The property is clean, garden themed, white trimmed cottage style duplexes with light sunflower siding. There is a walking path that webs nicely throughout the greenery of the common grounds. Each cottage has its own private yard with white picket fencing as well as an eight foot wall to separate our gardens from our neighbors; thank goodness. Depending on the time of year, the wind may carry with it the smell of citrus trees from the nearby orchards.
Seasonally, the homeowners association hosts a competition for the best decorated yard. Currently I flaunt the trophy for the finest autumn garden a title I’ve maintained for the past five years. I don’t know how or why, but this neighborhood has attracted all kinds. We have everything from respectable doctors who drive luxury automobiles, to section 8 crack heads, who, ironically also drive luxury vehicles, they just drive them…differently.
Now anyone who knows me, knows that I have stress…ex-stress….that is… current stress from having one crazy ass ex. Hope that covers it. Due to this stress, I’ve been losing my hair, there are bags under my eyes which are near impossible to get rid of and I think I’m going blind. I also blame my ex for the lines that are stacking up on my forehead; I’ve begun to resemble a shar-pei. Not really of course…but they look that way to me. All of these delights are the opposites of the, “healthy image” I try to keep and maintain. I am after all a yoga instructor who sometimes moonlights as a waitress…in my underwear. And no matter how much rest I get, the constant tension in my neck continues to build, giving me chronic back pain and debilitating migraines. Hey!This is my story and I’ll cry if I want to.

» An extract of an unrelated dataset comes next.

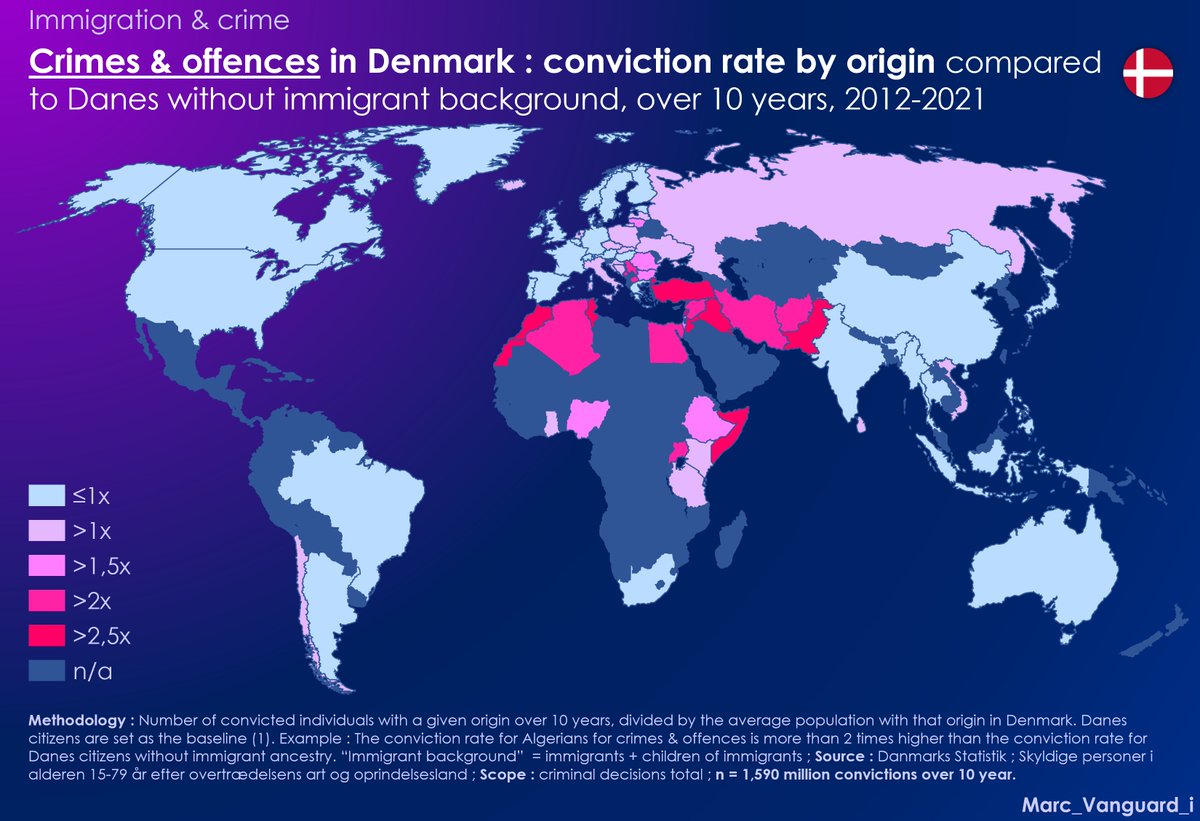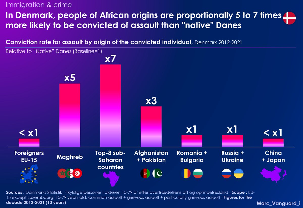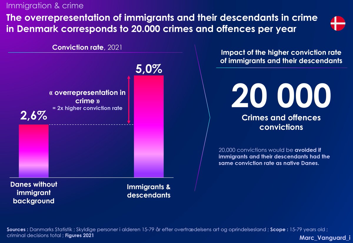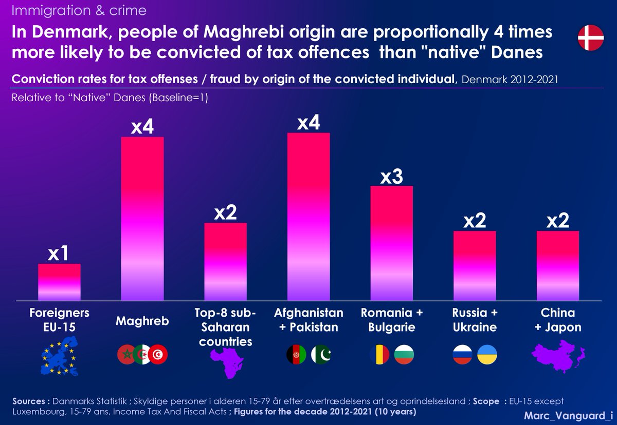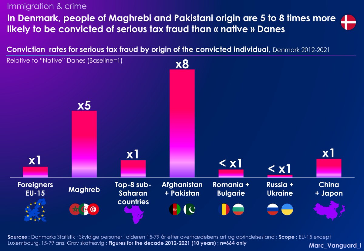 π They reveal that Maghrebi and Pakistani individuals are particularly overrepresented in this type of offense, with conviction rates 4 times higher than those of "native" Danes β¬οΈ
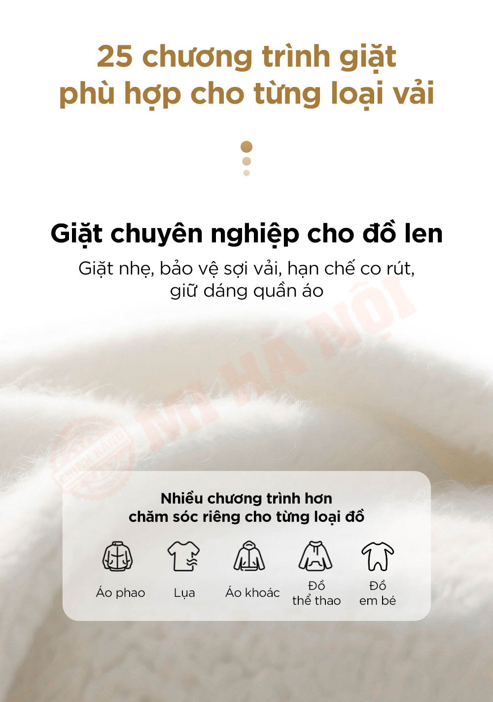 - Trang bị 25 chương trình giặt, phù hợp cho mọi loại vải và nhu cầu giặt.

I’ve tried several relaxation techniques; glass…more like glasses of wine, running and I even gave in to a weekend spa retreat at a nudist colony with some co-workers. It all helps, but those damned daily phone calls from my ex have me filled up with so much anxiety that my “happy place” is visualizing ripping my spinal cord right out of my back.
Thanks to an ignorant judge who believed my pathological liar of an ex, that jerk gets to call me whenever the hell he wants, even if the children are with him! I’m not fighting the situation, it is what it is and I’m just trying to live with it. It sucks and unfortunately it shows. As I soon found out, I was not the only one who had been paying attention.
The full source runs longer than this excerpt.